洞峰公園市営化問題 つくば市の変な調査《吾妻カガミ》172
2023年12月4日
【コラム・坂本栄】つくば市は11月、県営洞峰公園の市営化問題についてアンケート調査を実施しました。問題のキモは県営⇒市営の是非にあるはずですが、市が考える公園の形に関する質問を中ほどに配し、市営化の是非は最後に聞く流れでした。これは市民の判断を「是」に誘導する手法であり、市民の声をきちんと聞く調査とは言えません。 回答者を誘導する質問の流れ 洞峰公園問題は県の公園運営コンセプトに市が異を唱えたことが始まりです。園内に民営のグランピング施設を設け、その収益で公園を管理したい県。そういった施設に反対し、現在の姿形の延長で公園を管理したい市。この対立を収める策として、県が公園を無償で市に譲渡し、市が自らのコンセプトで運営するという基本合意ができました。 ということは、市営化に伴う市の財政負担と市が考える公園の形を市民に説明し、市営化の是非をズバリ問うのが正しい手順です。
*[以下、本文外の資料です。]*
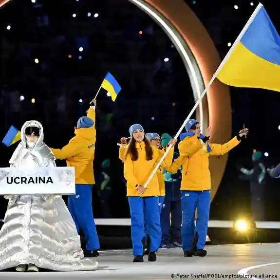 Россиянка Анастасия Кучерова во время церемонии открытия зимних Олимпийских игр несла табличку сборной Украины.
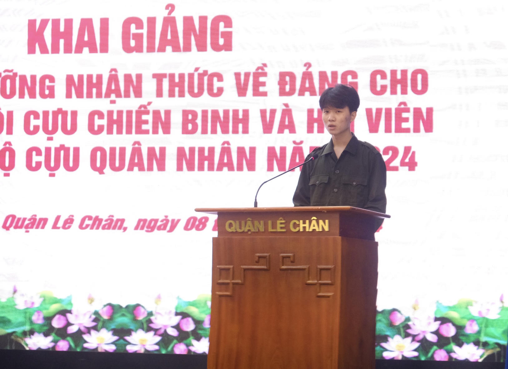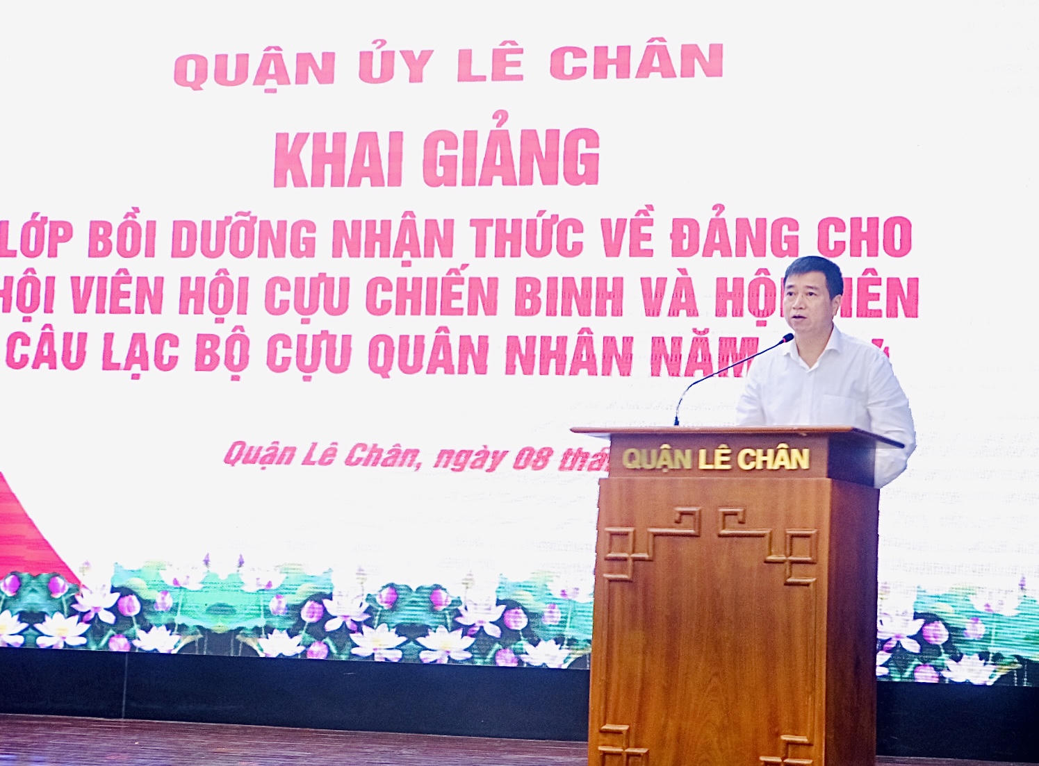 Trưởng Ban Tổ chức Quận ủy Lê Chân Lâm Văn Đạt cho biết, Thực hiện Kế hoạch số 212 ngày 25/7/2024 của Ban Thường vụ Quận ủy Lê Chân, Ban Tổ chức Quận ủy phối hợp Trung tâm Chính trị quận, Ban Chỉ huy Quân sự quận, Hội Cựu chiến binh quận và Đảng ủy 15 phường rà soát các quần chúng là Hội viên Hội Cựu Chiến binh và Hội viên Câu lạc bộ Cựu Quân nhân trong độ tuổi kết nạp, có nguyện vọng được đứng trong hàng ngũ của Đảng. Qua rà soát có 59 quần chúng ưu tú được Đảng ủy 15 phường giới thiệu đăng ký tham gia lớp Bồi dưỡng nhận thức về Đảng. Đây cũng là lớp Bồi dưỡng nhận thức về Đảng cho học viên là Hội viên Hội Cựu Chiến binh và Hội viên Câu lạc bộ Cựu Quân nhân đầu tiên của Hải Phòng.

ところが質問の流れは、①~⑤回答者の属性や公園の利用法、⑥~⑨市が考える公園の形の是非、⑩肝心の公園市営化の是非、⑪自由記述スペース―と、回答者を市案(下欄参考「ケチ・ボロ」計画で解説)賛成に誘導する構成でした。 調査の体を成していない調査 調査の欠陥は質問の順番だけではありません。この種の調査は回答者1000~2000人を無作為抽出(ランダムサンプリング)して聞くのが正しい手法です。ところが、希望者だけに回答用紙を回収箱に入れてもらう+市のホームページ(HP)に書き込んでもらう方式ですから、作為的な動員によって「是」「非」を操作できます。市民の賛否を正確に把握し、市政運営の参考にするのが調査の目的であるのに、これでは調査の体を成していません。 現市長には、シロをクロに塗り替える市政運営で前科があります。運動公園用地売却について市民の意見を聞くパブコメは、寄せられた回答を都合よく分類し、賛成はたった3%だったのに、賛成多数という結論をひねり出しました。前市長の運動公園計画を住民投票で撤回させた現市長は、市民の声を大切にする理念を忘れてしまったようです。 執行部に甘く見られた市議会 この調査の変な点をもう一つ挙げると、市のHPに「…本アンケートは無償譲渡への賛否の多寡を主眼とせず…」と書かれていたことです。これでは、市案を前提にした調査であると宣言しているようなもので、上の方のパラグラフで指摘した「回答者誘導」&「作為的手法」どころか、最初から「結論ありき」の調査になります。 12月議会に上程される洞峰公園市営化条例案、同公園管理予算案の取り扱いに悩んでいる市議さんは、ずいぶん甘く見られたものです。市執行部は条例案と予算案が議会で問題なく承認されことを前提に、行政プロセスを進めているのですから。(経済ジャーナリスト) <参考> ▽ケチ・ボロ計画:コラム「つくば市の洞峰公園『劣化容認』計画」(11月20日掲載 ) ▽変なアンケート:記事「洞峰公園問題で市民アンケート開始…」(11月15日掲載) ▽無作為抽出調査:コラム「洞峰公園の市営化、住民投票が必要?」(3月20日掲載) ▽運動公園パブコメ:コラム「…ダメでしょ『…市の行政手順』」(22年9月19日掲載)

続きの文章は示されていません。